Ernst Friedrich Germar (born November 3, 1786 in Glauchau , † July 8, 1853 in Halle ) was a German entomologist , mineralogist and local politician .

Live and act

Germar was the son of a wealthy businessman. From 1804 to 1807 he studied mineralogy at the Bergakademie Freiberg and then natural science and law at the University of Leipzig . In 1810 he received his doctorate in zoology, moved to Halle (Saale) and completed his habilitation two years later. Both the post-doctoral thesis and the doctoral thesis had butterflies (spinners) on the topic. When the university was closed under Napoleon in 1813, his academic career in Halle was interrupted. In 1815 he married Wilhelmine Keferstein (1755-1816). The marriage remained childless.
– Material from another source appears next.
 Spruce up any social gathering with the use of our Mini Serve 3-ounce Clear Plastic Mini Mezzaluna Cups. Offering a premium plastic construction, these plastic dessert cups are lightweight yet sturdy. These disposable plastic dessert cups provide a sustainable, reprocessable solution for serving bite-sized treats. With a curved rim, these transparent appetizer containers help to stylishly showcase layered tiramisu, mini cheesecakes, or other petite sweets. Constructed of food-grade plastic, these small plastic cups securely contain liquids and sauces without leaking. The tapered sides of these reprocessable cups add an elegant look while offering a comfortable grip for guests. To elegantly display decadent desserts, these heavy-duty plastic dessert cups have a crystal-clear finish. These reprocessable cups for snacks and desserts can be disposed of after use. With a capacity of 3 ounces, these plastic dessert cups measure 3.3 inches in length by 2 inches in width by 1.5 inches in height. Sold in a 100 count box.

However, he raised his nephew Hermann Rudolf Schaum , who later also became an entomologist.

In 1816, Germar became an associate professor at the University of Halle-Wittenberg , and in 1823 a full professor of mineralogy and director of the mineralogical collections. Until Hermann Burmeister was appointed full professor in 1842, he also held lectures on entomology at the Zoological Institute and was Vice-Rector of the university in 1834/35 .

His entomological specialties were fossil insects, especially beetles and bedbugs . His insect collection was one of the most famous in Europe. In addition to his scientific work, Germar was active as a city ​​councilor for the city of Halle, was a member of the board of the Pfänerschaft , captain of the city rifle society and from 1827 to 1853 master of the chair of the Masonic lodge to the three swords .

Ernst Friedrich Germar died after a long illness in his house in Halle and was buried in the Stadtgottesacker opposite Schwibbogen 78.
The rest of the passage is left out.